** Opening GIVEN MATERIAL block **

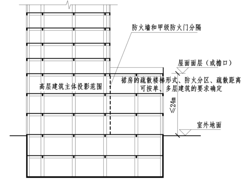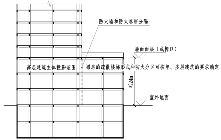 1.5.2 当裙房与主体之间在高层建筑主体投影范围外(含投影线)采取防火墙分隔时,该裙房的疏散楼梯形式和防火分区可按单、多层建筑的要求确定;当该防火墙开口部位采用甲级防火门,不采用防火卷帘替代时,该裙房的疏散距离也可按单、多层建筑的要求确定。(附图1.5.2)
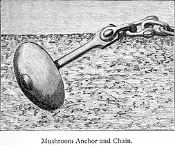 - Грибоподібний якір — якір у формі сферичного сегмента з веретеном, потовщеним на верхньому кінці (для забезпечення його горизонтального положення);
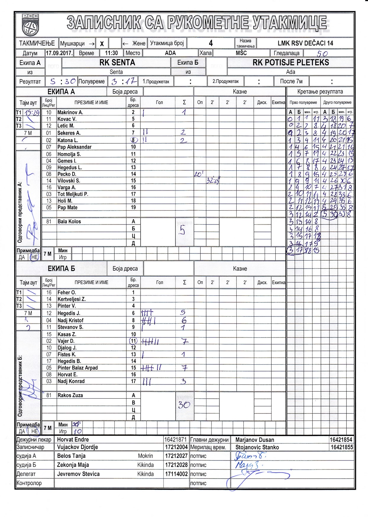 | Igrač | gol | 2` | dk | MVP |
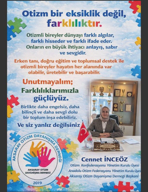 Aksaray Otizm Dayanışma Derneği Başkanı ve Anadolu Otizm Federasyonu Yönetim Kurulu Üyesi Cennet İnceöz, yaptığı açıklamada otizmin dünyada en hızlı yayılan engel gruplarından biri olduğunu belirterek toplumun bilinçli ve duyarlı davranmasının hayati önem taşıdığını vurguladı. İnceöz, otizmi tamamen ortadan kaldıran bir tedavinin henüz bulunmadığını, bilinen en etkili yöntemin eğitim olduğunu söyledi.

** Closing GIVEN MATERIAL block **

● WHAT YOU SHOULD DO: Word for word, reproduce the material above and omit each image.

● WRITTEN ANSWER:
 1.5.2 当裙房与主体之间在高层建筑主体投影范围外(含投影线)采取防火墙分隔时,该裙房的疏散楼梯形式和防火分区可按单、多层建筑的要求确定;当该防火墙开口部位采用甲级防火门,不采用防火卷帘替代时,该裙房的疏散距离也可按单、多层建筑的要求确定。(附图1.5.2)
 - Грибоподібний якір — якір у формі сферичного сегмента з веретеном, потовщеним на верхньому кінці (для забезпечення його горизонтального положення);
 | Igrač | gol | 2` | dk | MVP |
 Aksaray Otizm Dayanışma Derneği Başkanı ve Anadolu Otizm Federasyonu Yönetim Kurulu Üyesi Cennet İnceöz, yaptığı açıklamada otizmin dünyada en hızlı yayılan engel gruplarından biri olduğunu belirterek toplumun bilinçli ve duyarlı davranmasının hayati önem taşıdığını vurguladı. İnceöz, otizmi tamamen ortadan kaldıran bir tedavinin henüz bulunmadığını, bilinen en etkili yöntemin eğitim olduğunu söyledi.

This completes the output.